However, in 1987, significant progress was made when Anthonisen et al. [22] used a graded definition of exacerbations in a trial of antibiotics for COPD exacerbations. This definition contained objective criteria that could be used in other studies and enabled some quantification of individual components. These exacerbations were described by major and minor symptoms and somewhat arbitrarily graded by type. Type 1 was characterised by increased dyspnoea, sputum volume and sputum purulence; type 2 when two of these symptoms were present; and type 3 when one of the three major symptoms was present in addition to at least one of either an upper respiratory infection within the past 5 days, fever without other cause, increased wheezing or cough, or an increase in respiratory rate or heart rate by 20% as compared with baseline. Despite the appeal of these objective features, and their subsequent use in many clinical studies, they were not derived from a database or case series describing individual characteristics or patterns of exacerbation. They describe symptoms, but do not relate to the underlying pathophysiology or the likely evolution of the exacerbation.

Exacerbations were still variably described in the literature and in small clinical trials prior to a definition proposed in 2000 by Rodriguez-Roisin [39] in a paper summarising an expert workshop that reached a consensus definition for use in trials and studies. This definition describes an exacerbation as “a sustained worsening of the patient's condition from the stable state and beyond normal day to day variations, that is acute in onset and necessitates change in regular medication in a patient with underlying COPD” [39]. This was a pivotal moment in defining exacerbations, as it introduced a standardised definition for counting exacerbations, was a realistic definition for clinical trials and aligned with clinical care. Although the requirement for symptom worsening limits its use for identifying exacerbations in databases and routinely collected healthcare data, the inclusion of medication change could be used as a surrogate marker if associated with a healthcare visit.

Subsequent to this, many studies incorporated versions of these symptom descriptors, particularly emphasising worsening of respiratory symptoms that required treatment with oral corticosteroids or antibiotics or both, as judged by the attending clinician.
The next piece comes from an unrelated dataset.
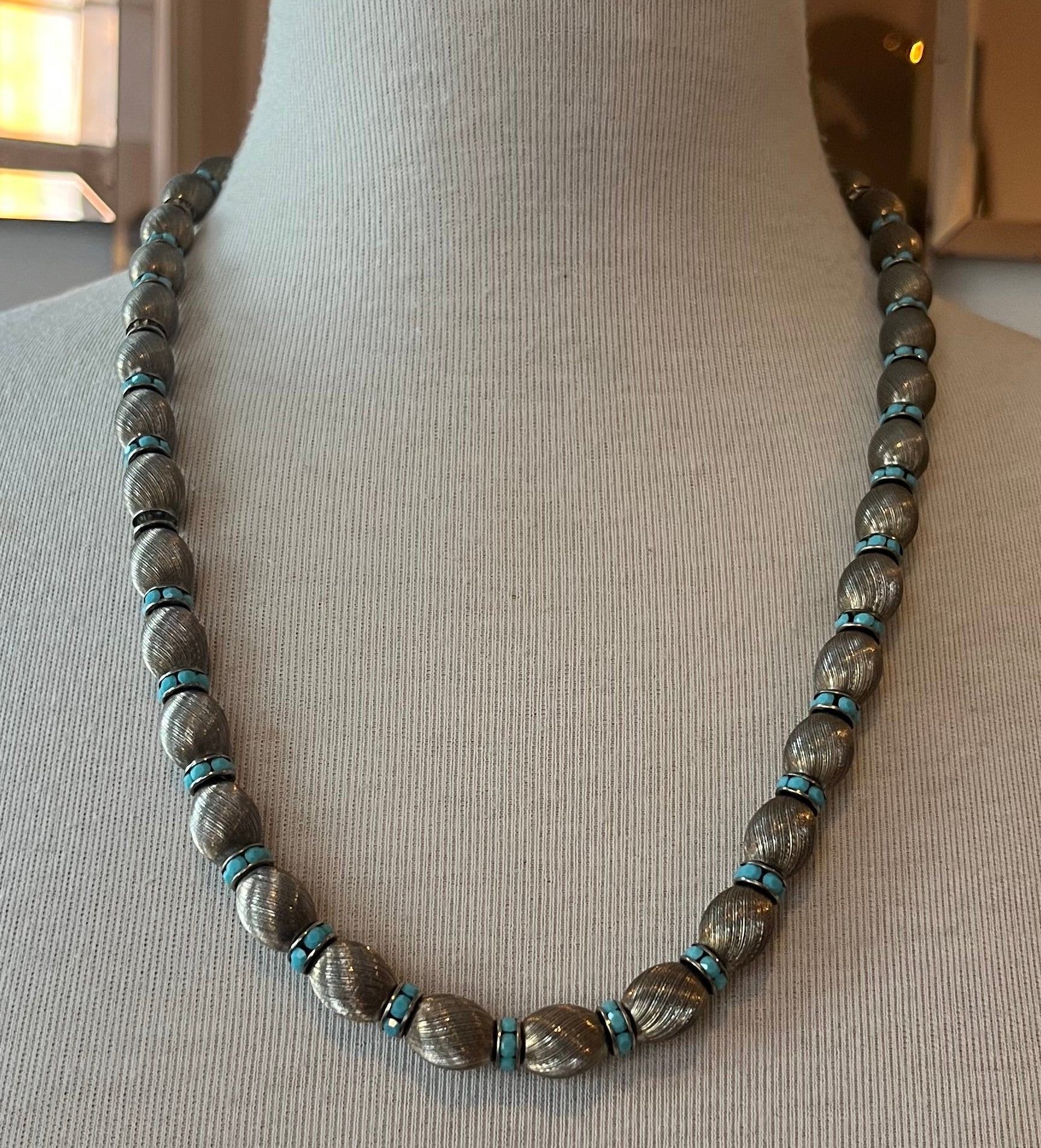Striking vintage necklace featuring brushed silver-tone oval beads accented with vibrant turquoise spacer details. The textured metal gives it a soft, almost satin finish that contrasts beautifully with the bright blue stones.

Dyspnoea became the major, dominant symptom, based on evidence from studies that clearly highlighted its importance to patients and as a trigger for initiating greater intensity of treatment and seeking medical care.
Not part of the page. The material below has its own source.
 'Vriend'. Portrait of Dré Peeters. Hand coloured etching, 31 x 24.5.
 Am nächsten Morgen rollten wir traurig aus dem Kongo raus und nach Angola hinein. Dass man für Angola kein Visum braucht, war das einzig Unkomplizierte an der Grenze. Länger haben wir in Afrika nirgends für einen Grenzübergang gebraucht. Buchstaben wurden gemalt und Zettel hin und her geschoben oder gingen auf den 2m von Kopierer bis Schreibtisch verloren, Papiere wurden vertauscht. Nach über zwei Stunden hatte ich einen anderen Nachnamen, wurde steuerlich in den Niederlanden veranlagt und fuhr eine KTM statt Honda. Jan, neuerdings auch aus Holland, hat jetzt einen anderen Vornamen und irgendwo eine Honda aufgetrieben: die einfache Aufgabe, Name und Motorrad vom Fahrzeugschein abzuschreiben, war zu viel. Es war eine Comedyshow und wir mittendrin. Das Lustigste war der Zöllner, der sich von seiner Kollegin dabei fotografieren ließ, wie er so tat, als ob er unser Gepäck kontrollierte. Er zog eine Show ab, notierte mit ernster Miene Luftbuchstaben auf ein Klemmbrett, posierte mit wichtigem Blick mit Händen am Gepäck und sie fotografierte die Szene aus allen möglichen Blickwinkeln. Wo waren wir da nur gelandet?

The rationale behind each component of the definition by Rodriguez-Roisin [39] is explained in the paper, which succinctly summarises the subsequent challenges. 20 years of experience has made investigators, epidemiologists and clinicians well aware of its strengths and weaknesses, and it is now worth revisiting this definition, and looking at potential refinements that would add to its utility while not reducing its capacity to be applied in many different contexts. I will address each of these in the light of the experience gained by investigators as they implemented it in many different clinical trials, observational studies and database analyses.

Dissecting the definition

Sustained worsening from the stable state

Rodriguez-Roisin [39] suggests “The terminology, worsening of the patient's condition, is relatively imprecise because of the absence of established clinical markers, signs, or symptoms”.

Sustained worsening of the stable state

Most patients find it difficult to identify the very early stages of an exacerbation and to distinguish their increased symptoms from day-to-day variability. This has several immediate consequences for patients, regarding commencing treatment [40] and achieving the best possible outcomes [41]. Under-recognition of exacerbations is a concern [41, 42], in that these events may lead to worse outcomes, specifically longer duration, poorer quality of life and increased risk of hospitalisation [43, 44], but
over-reporting can also occur (events that are identified by patients as an exacerbation but are not accompanied by symptom change in diary
cards [44], or do not result in healthcare contact or change of treatment [42]). In most studies, unreported exacerbations have less intense and often fewer symptoms [43] and appear to be milder events [40] even though they have a cumulative impact on health status [41, 44]. Whether in a clinical trial or through routinely collected data, worsening of the stable state is limited by its dependence on patient recognition, which it is well established can result in both over- [45] and undercounting [46]. Compared with reported exacerbations, unreported exacerbations usually show a lower median number of key symptoms, less worsening for each key symptom, and a significantly lower proportion of exacerbations with two and three key symptoms. Conversely, more unreported exacerbations (83.3%) than reported exacerbations (28.8%) exhibited a single worsening symptom.

With regard to the absence of established clinical markers, signs, or symptoms, it is an unfortunate fact that we are still struggling to develop, test and embed these in clinical and research practice. We know the specific symptoms most often associated with an exacerbation, but we do not have an adequate scoring system to rank these, even though we have several validated tools focused on symptoms that enable us to better understand the impact of COPD in patients’ lives, particularly the CAT and the SGRQ. Both are  highly useful for assessments of change over time from an exacerbation, but they were not designed to detect and measure exacerbations in themselves [47]. Tools to detect and measure the onset, severity and resolution of an acute deterioration have proven challenging to develop.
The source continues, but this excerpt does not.